### Records for processing
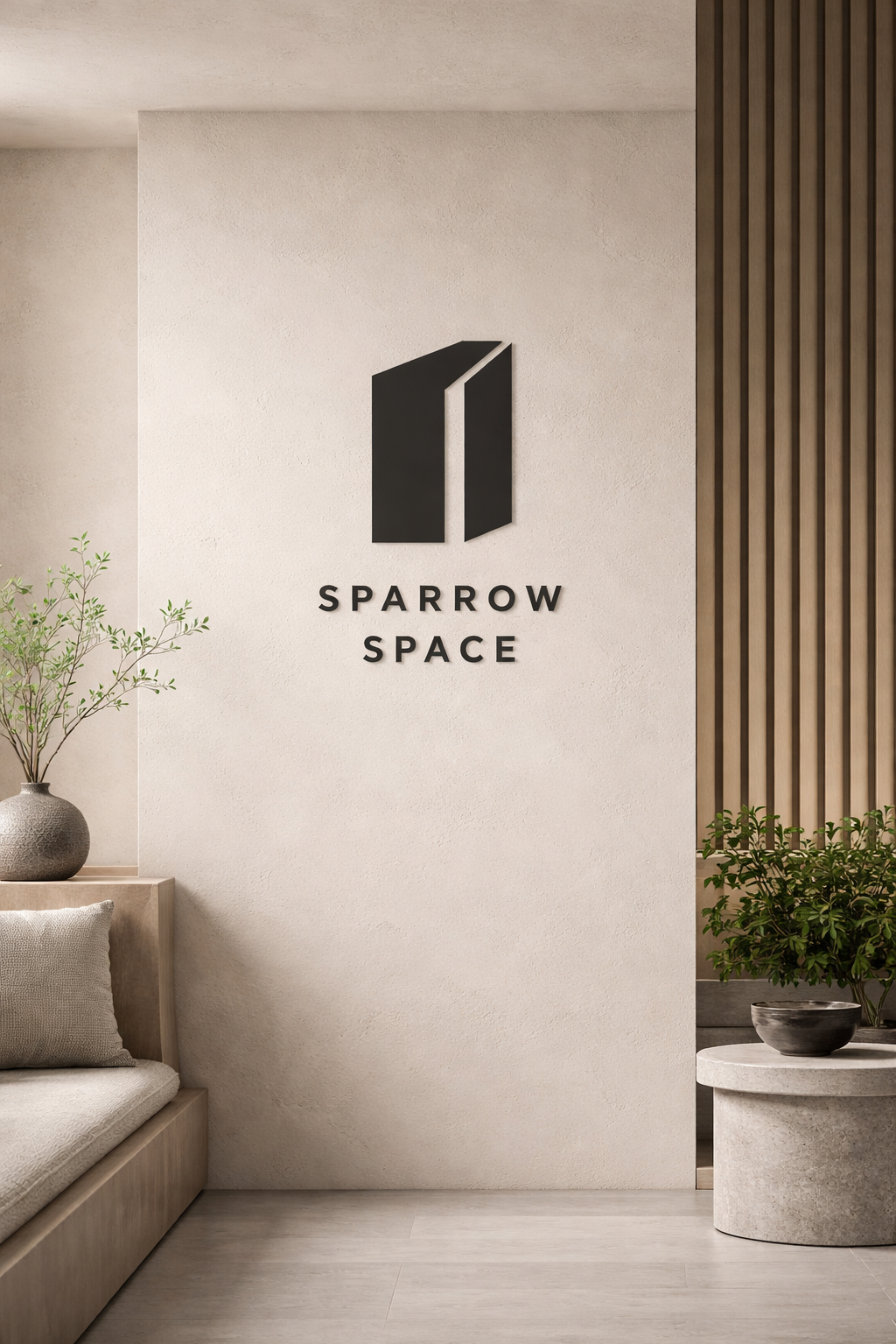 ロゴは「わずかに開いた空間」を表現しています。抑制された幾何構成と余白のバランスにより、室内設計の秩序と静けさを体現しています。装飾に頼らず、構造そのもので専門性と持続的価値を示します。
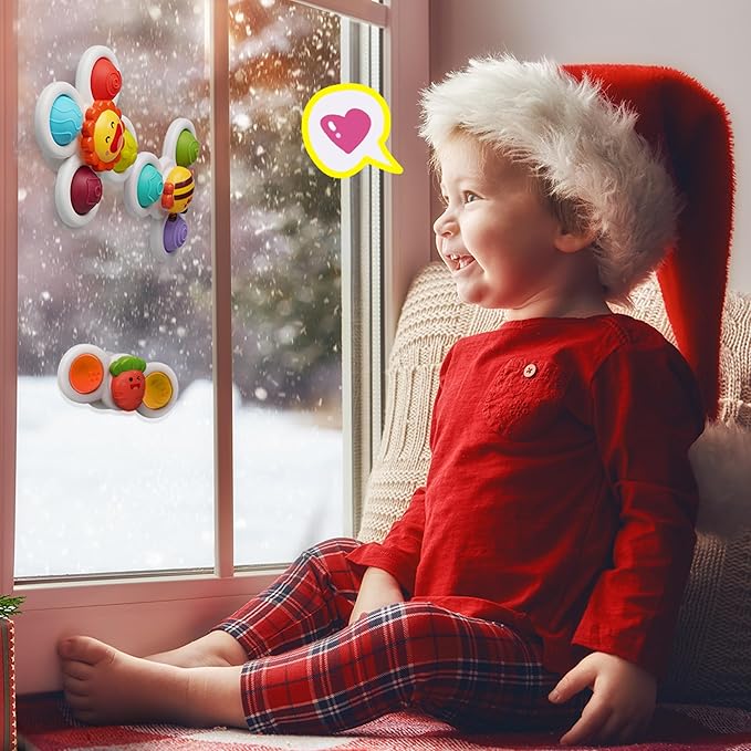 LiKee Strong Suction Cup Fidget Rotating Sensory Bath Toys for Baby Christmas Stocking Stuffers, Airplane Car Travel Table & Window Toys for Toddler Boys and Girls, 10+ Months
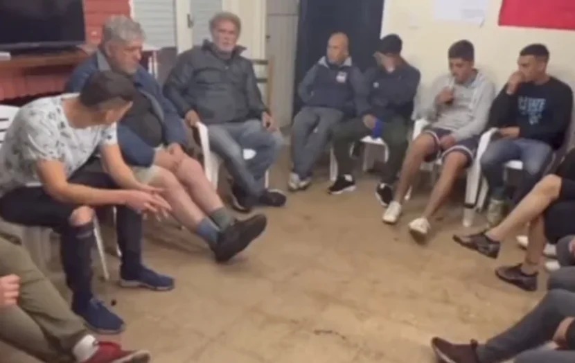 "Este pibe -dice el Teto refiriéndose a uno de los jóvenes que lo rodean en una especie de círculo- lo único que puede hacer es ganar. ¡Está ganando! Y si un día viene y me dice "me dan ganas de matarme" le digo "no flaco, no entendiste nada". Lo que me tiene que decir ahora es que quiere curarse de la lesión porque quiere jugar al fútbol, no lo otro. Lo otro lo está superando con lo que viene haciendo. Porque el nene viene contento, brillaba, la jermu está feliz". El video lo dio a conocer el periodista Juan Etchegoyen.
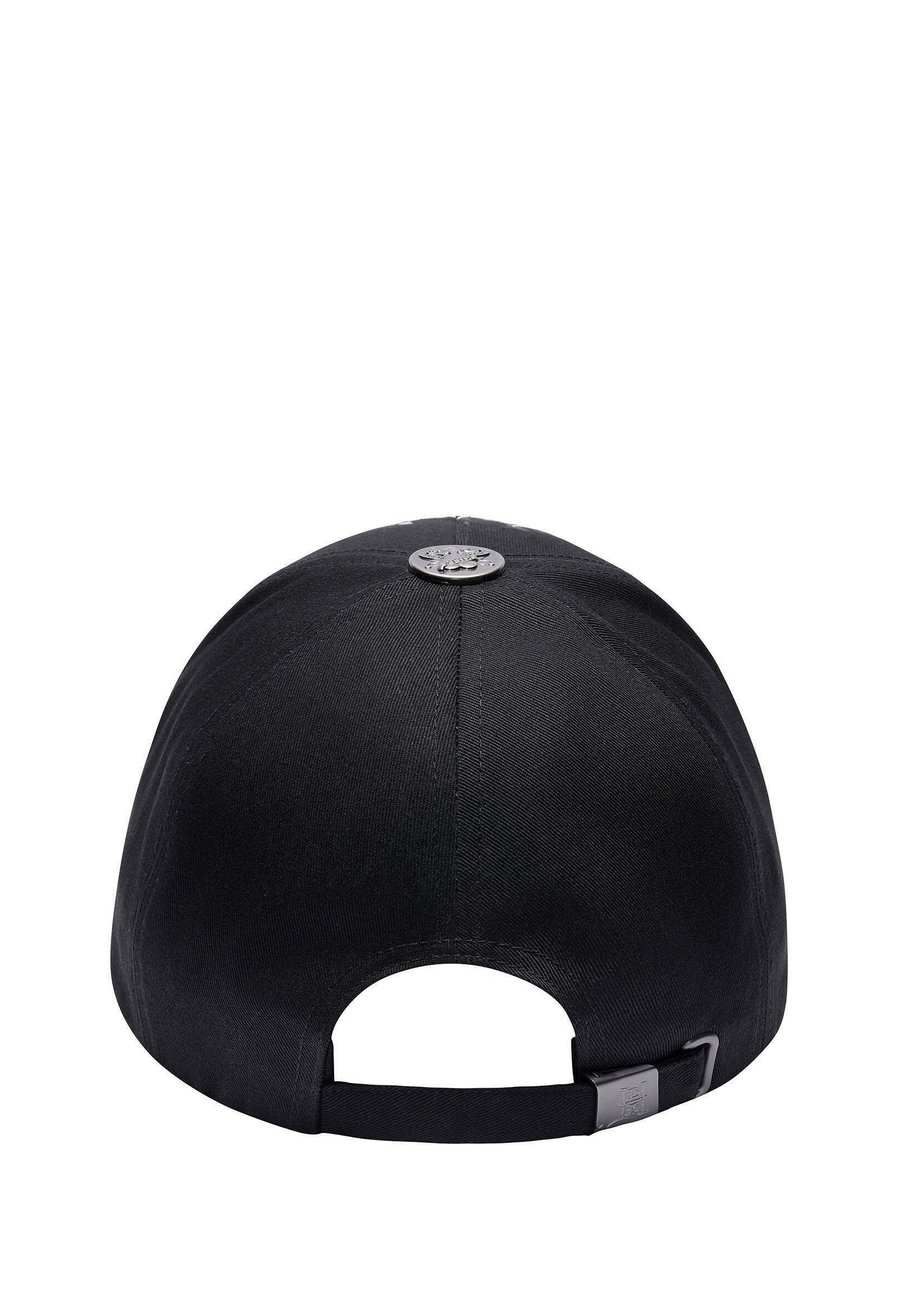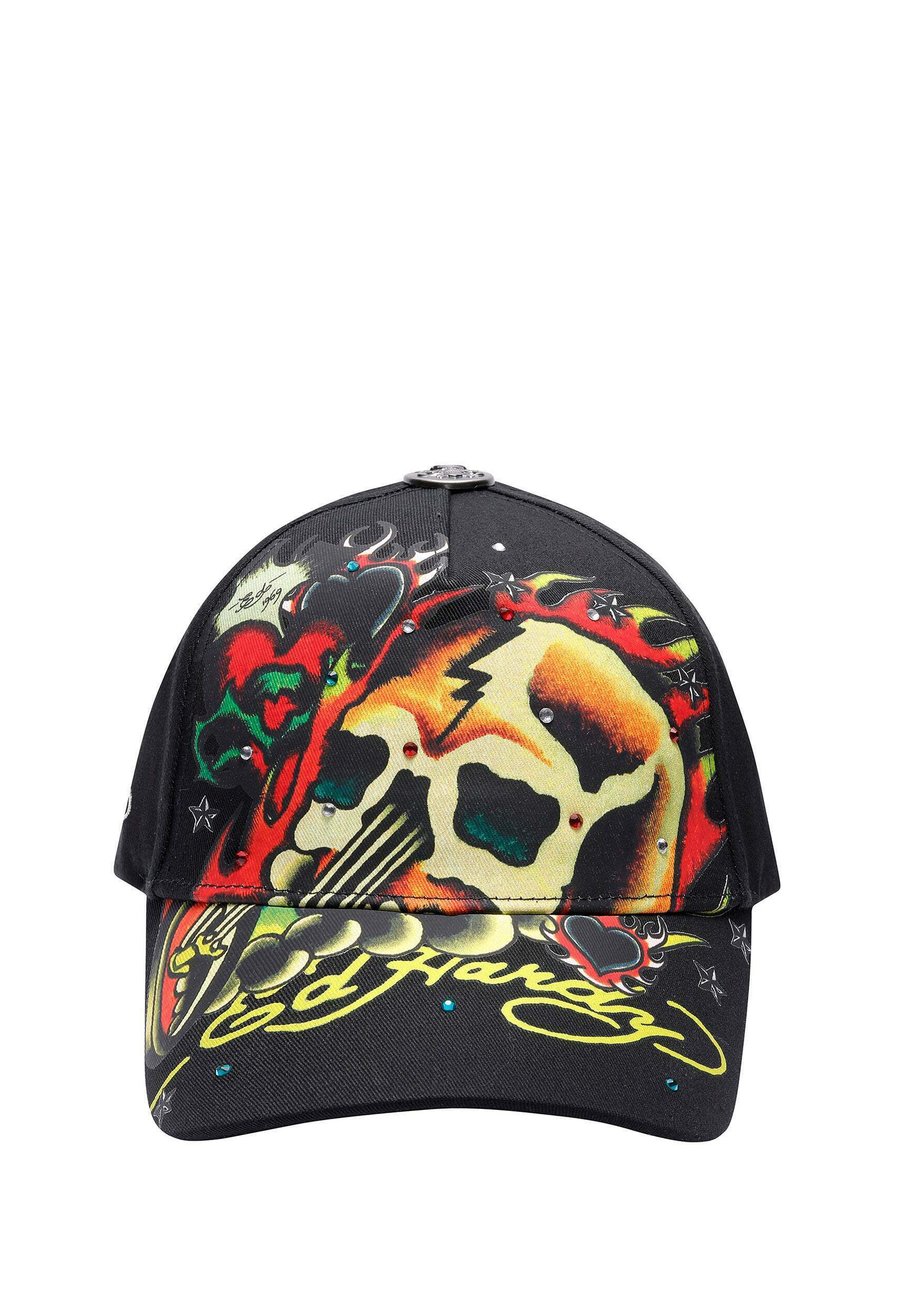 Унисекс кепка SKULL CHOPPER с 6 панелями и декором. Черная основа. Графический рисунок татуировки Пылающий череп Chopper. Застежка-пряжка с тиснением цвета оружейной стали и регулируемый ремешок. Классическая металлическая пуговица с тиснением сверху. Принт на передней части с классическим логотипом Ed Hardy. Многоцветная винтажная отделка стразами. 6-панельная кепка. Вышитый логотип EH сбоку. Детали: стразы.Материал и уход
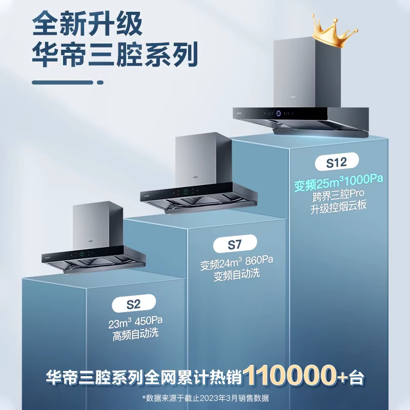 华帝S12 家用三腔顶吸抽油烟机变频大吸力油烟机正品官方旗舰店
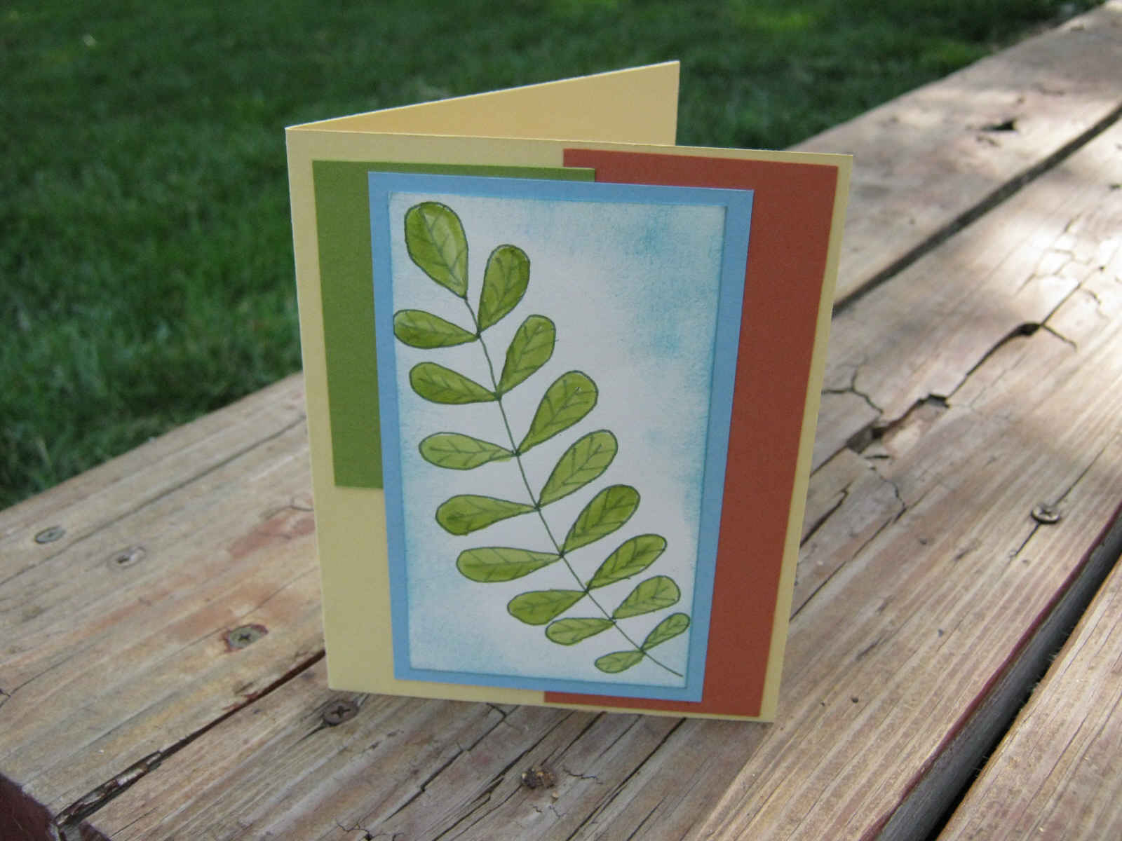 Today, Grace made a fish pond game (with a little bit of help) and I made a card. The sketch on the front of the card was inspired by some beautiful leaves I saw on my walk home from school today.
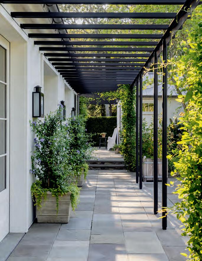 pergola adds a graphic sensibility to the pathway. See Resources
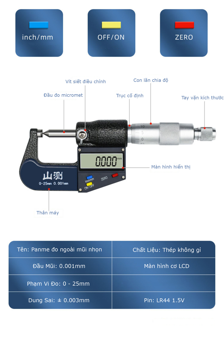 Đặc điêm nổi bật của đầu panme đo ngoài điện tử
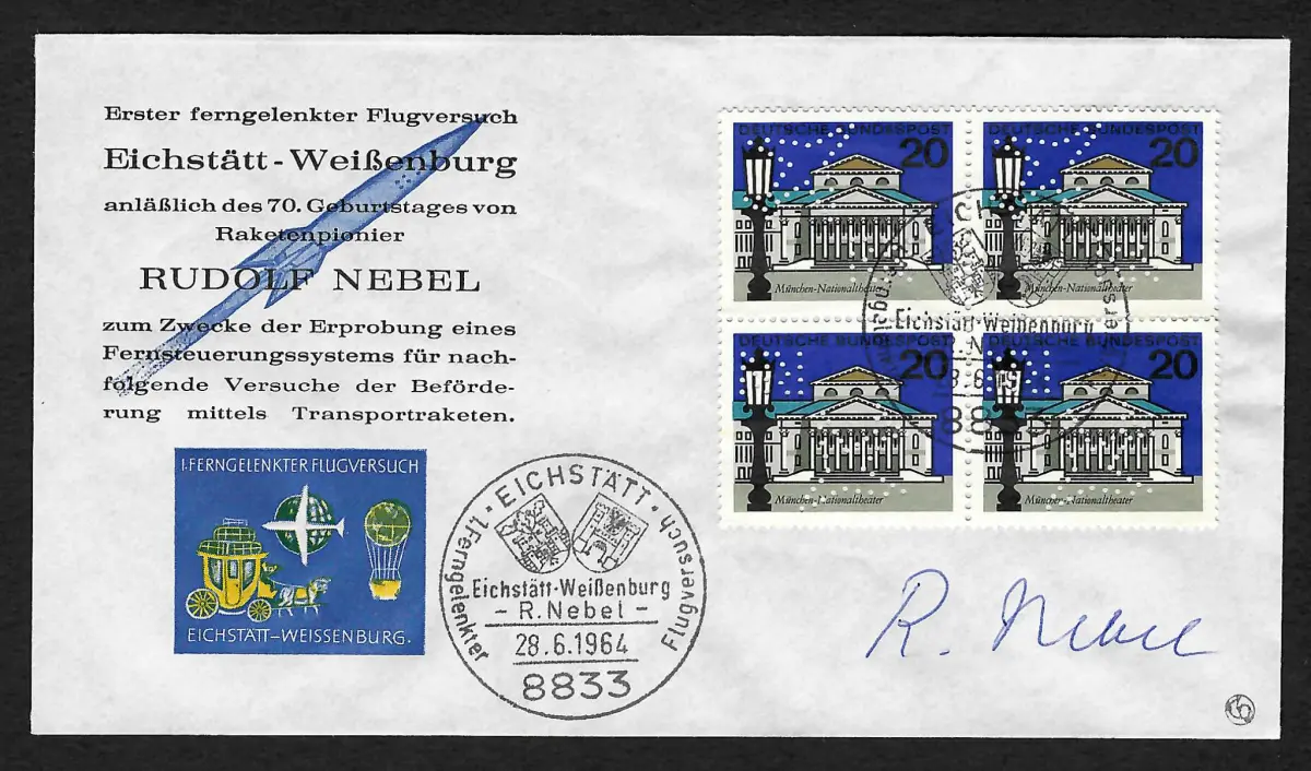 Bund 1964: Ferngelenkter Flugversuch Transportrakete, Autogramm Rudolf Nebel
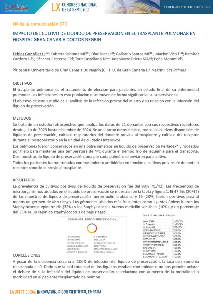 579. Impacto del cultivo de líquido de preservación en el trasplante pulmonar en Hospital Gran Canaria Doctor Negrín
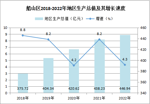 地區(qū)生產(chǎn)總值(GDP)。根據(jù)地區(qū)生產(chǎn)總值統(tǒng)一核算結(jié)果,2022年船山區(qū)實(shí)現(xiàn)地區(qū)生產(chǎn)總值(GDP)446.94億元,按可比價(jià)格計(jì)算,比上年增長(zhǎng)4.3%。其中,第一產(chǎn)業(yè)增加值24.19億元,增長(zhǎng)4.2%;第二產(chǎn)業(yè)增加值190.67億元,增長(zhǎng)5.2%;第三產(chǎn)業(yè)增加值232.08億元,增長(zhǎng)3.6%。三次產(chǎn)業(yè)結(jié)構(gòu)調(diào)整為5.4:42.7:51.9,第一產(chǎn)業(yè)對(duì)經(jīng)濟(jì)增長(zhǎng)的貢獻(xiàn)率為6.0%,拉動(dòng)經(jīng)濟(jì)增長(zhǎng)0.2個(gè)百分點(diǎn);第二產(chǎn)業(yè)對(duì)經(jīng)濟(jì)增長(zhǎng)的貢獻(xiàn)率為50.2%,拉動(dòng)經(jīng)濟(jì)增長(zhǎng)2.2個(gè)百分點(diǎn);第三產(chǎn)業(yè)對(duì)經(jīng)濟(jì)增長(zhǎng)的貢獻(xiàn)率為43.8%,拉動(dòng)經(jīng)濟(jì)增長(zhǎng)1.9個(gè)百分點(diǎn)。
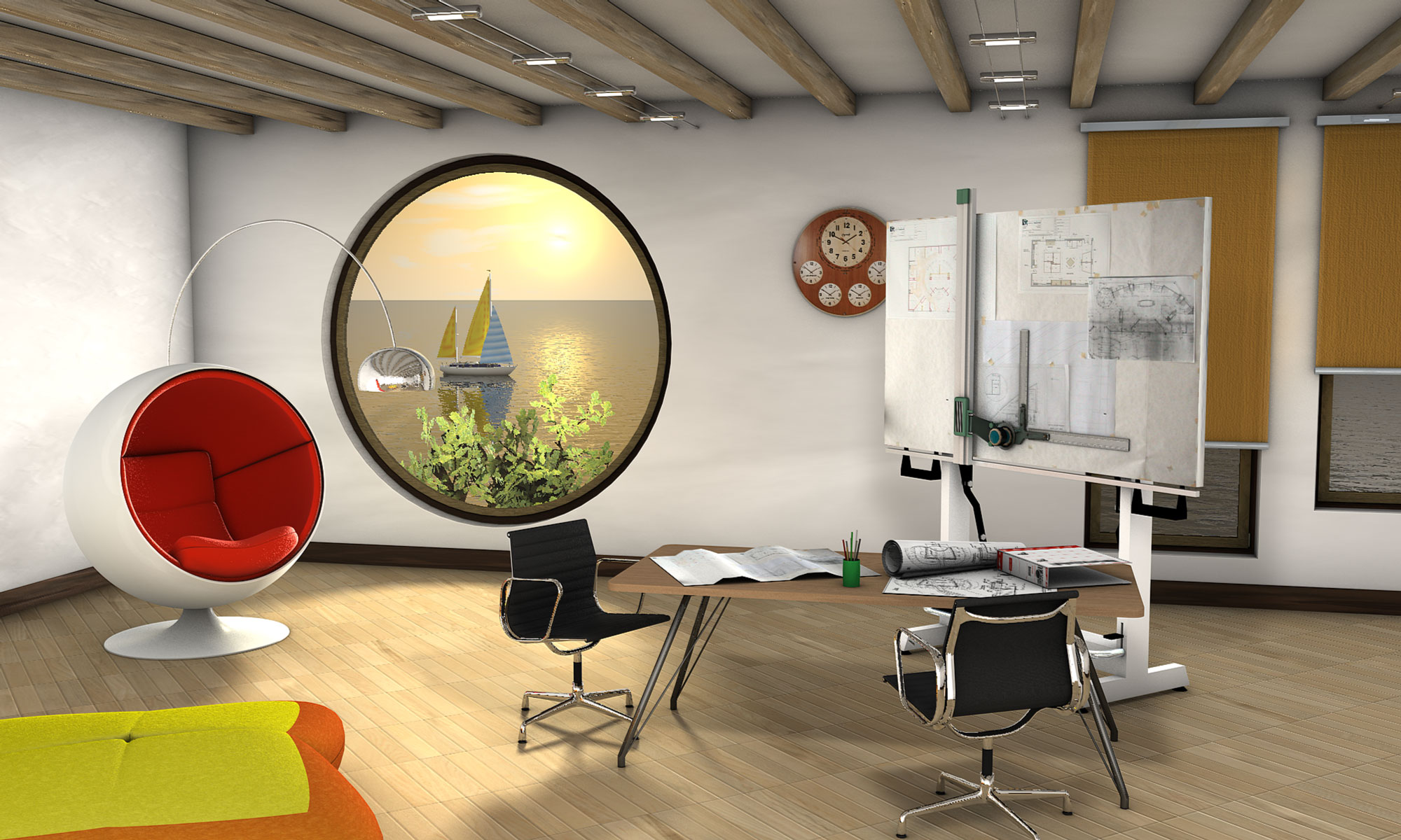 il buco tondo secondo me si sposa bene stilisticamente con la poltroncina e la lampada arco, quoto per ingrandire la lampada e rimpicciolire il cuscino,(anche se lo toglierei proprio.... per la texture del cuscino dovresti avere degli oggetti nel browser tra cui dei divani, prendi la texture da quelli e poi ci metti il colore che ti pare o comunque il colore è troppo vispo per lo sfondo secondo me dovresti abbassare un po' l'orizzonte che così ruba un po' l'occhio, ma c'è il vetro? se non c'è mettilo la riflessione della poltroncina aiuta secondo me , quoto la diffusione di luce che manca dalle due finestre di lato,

### What is required
What are the lines in the records above, word for word, from the one containing "Đặc điêm nổi" through the one containing "地區(qū)生產(chǎn)總值(GDP)。根據(jù)", both ends included and pictures left out?

### Answer below
 Đặc điêm nổi bật của đầu panme đo ngoài điện tử
 Bund 1964: Ferngelenkter Flugversuch Transportrakete, Autogramm Rudolf Nebel
 579. Impacto del cultivo de líquido de preservación en el trasplante pulmonar en Hospital Gran Canaria Doctor Negrín
 地區(qū)生產(chǎn)總值(GDP)。根據(jù)地區(qū)生產(chǎn)總值統(tǒng)一核算結(jié)果,2022年船山區(qū)實(shí)現(xiàn)地區(qū)生產(chǎn)總值(GDP)446.94億元,按可比價(jià)格計(jì)算,比上年增長(zhǎng)4.3%。其中,第一產(chǎn)業(yè)增加值24.19億元,增長(zhǎng)4.2%;第二產(chǎn)業(yè)增加值190.67億元,增長(zhǎng)5.2%;第三產(chǎn)業(yè)增加值232.08億元,增長(zhǎng)3.6%。三次產(chǎn)業(yè)結(jié)構(gòu)調(diào)整為5.4:42.7:51.9,第一產(chǎn)業(yè)對(duì)經(jīng)濟(jì)增長(zhǎng)的貢獻(xiàn)率為6.0%,拉動(dòng)經(jīng)濟(jì)增長(zhǎng)0.2個(gè)百分點(diǎn);第二產(chǎn)業(yè)對(duì)經(jīng)濟(jì)增長(zhǎng)的貢獻(xiàn)率為50.2%,拉動(dòng)經(jīng)濟(jì)增長(zhǎng)2.2個(gè)百分點(diǎn);第三產(chǎn)業(yè)對(duì)經(jīng)濟(jì)增長(zhǎng)的貢獻(xiàn)率為43.8%,拉動(dòng)經(jīng)濟(jì)增長(zhǎng)1.9個(gè)百分點(diǎn)。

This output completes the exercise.